Efficacy of artemether-lumefantrine versus dihydroartemisinin-piperaquine for the treatment of uncomplicated malaria among children in Rwanda: an open-label, randomized controlled trial.

Mar 20, 2019; Oxford University Press on behalf of Royal Society of Tropical Medicine and Hygiene. https://doi.org/10.1093/trstmh/trz009

Abstract

Abstract
Background
Artemisinin-based combination therapies (ACTs) have proven highly effective in reducing malaria morbidity in sub-Saharan Africa. Artemether–lumefantrine (AL) was introduced in 2005 as a first-line ACT for the treatment of uncomplicated malaria in Rwanda. Monitoring the therapeutic efficacy of ACTs is necessary to ensure effective malaria case management.

Methods
A comparative study on the efficacy of AL and dihydroartemisinin–piperaquine (DHP) was conducted in two sites, Masaka and Ruhuha, between September 2013 and December 2015. Clinical and parasitological responses were assessed at days 28 and 42.

Results
A total of 534 children were treated with AL (n=267) or DHP (n=267).
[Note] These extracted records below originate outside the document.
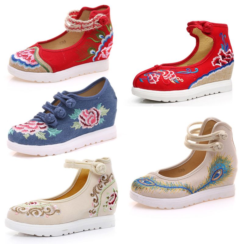 High heeled women's shoes with high heels and women's single shoes for spring and autumn, with a large white sole and raised sloping heels on canvas embroidered fabric
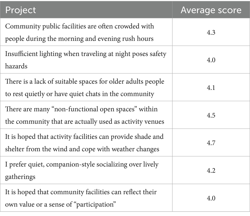 Table 2 shows a summary of the average scores of the Likert-scale items (with a full score of 5 points). The score data show that, in light of climate change, older adults people have the most urgent need for facilities such as shading and wind protection. Residents also acknowledge the current passive use of non-functional spaces. However, such use implies the potential for more reasonable planning and design for these spaces. In addition, a lack of social spaces and insufficient security guarantees at night are common concerns. Overall, older adults people prefer slow-paced, low-intensity, and light-flow spatial experiences. They tend to use facilities that reflect their sense of participation and value.
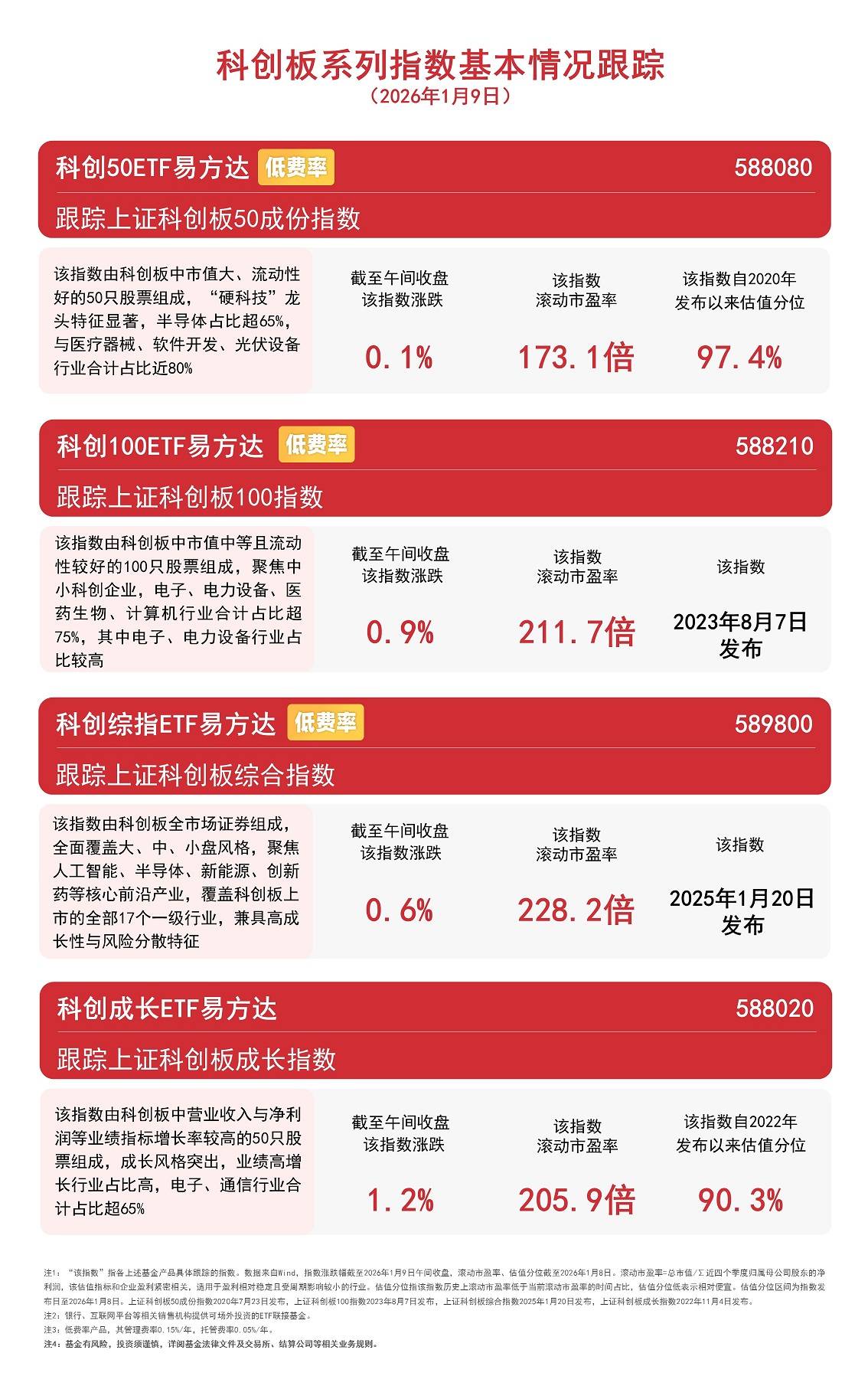 今日早盘,存储芯片、半导体设备板块再度拉升。截至午间收盘,科创100指数上涨2.2%,科创综指上涨1.5%,科创成长指数上涨1.4%,科创50指数上涨 1.1%、冲击三连阳。近期资金持续加仓相关产品,截至昨日,科创50ETF易方达(588080)连续3个交易日获净流入,合计约4亿元。 跟踪上证科创板成长指数 该指数由科创板中营业收入与净利 润等业绩指标增长率较高的50只股 票组成,成长风格突出,业绩高增 长行业占比高,电子、通信行业合 计占比超65% 截至午间收盘 该指数涨跌 该指数 滚动市盈率 该指数自 发布以来 1.4% 198. 2倍 89. 注1 "波折愈"指各上述基金产品具体假踪的指数。数据来自11nd,报数深跌幅硬至2026年1月7日午间收盘。渡动市盈率、估值分位颠至2006年1月6日。渡动市盈福=总市值《习近四个零1 利润,该估值指标和企业盈利需密相关,适用于盈利相对稳定且受周观影响较小的行业。估值分位指该报数历史上演动市温率低于当前滚动市涵翠的时间占比,估值分位低表示相对便宜。1 布日至2026年1月6日。上证科创被50成份指数2020年7月23日发布,上证科创板100折数2023年8月7日发 ...
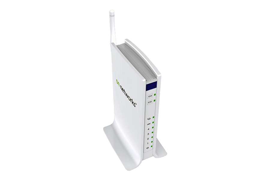 Router NETGEAR On Networks N150RM posiada jeden port telefoniczny RJ-11 z wbudowanym modemem ADSL2+ oraz czteryporty LAN RJ-45 10/100 Fast Ethernet do połączenia przewodowego.
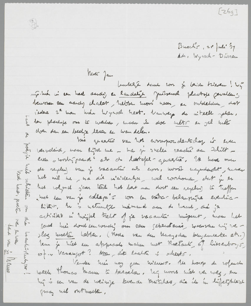 Hartelijk dank voor je beide brieven! Wij zijn hier in een heel aardig en landelijk Zwitsersch plaatsje gevallen; bewonen een aardig chalet, hebben mooi weer, en ontdekken, dat ieder 2e man hier Wyrsch heet. Vanwege de inteelt zeker. Een plaatsje om te werken, maar ik doe niets en zal niets doen dan een beetje lezen en wandelen.

After polymerase chain reaction (PCR) adjustment, 98.3% and 98.9% of children in the AL and DHP arms, respectively, achieved an adequate clinical and parasitological response (ACPR) at day 28. At day 42, PCR-adjusted ACPR proportions were 97.3% and 98.4% for AL and DHP, respectively. PCR-adjusted ACPR was 99% for both drugs at days 28 and 42 in Ruhuha. The PCR-adjusted ACPR proportions in Masaka were 97.3% for AL and 98.5% for DHP at day 28 and 95.2% for AL and 97.5% for DHP at day 42.

Conclusions
AL remains efficacious in Rwanda 10 y after its adoption. The probability of new infections occurring among patients in the DHP arm was significantly lower than those in the AL arm. DHP also demonstrated a greater post-treatment prophylactic effect against new infections compared with AL.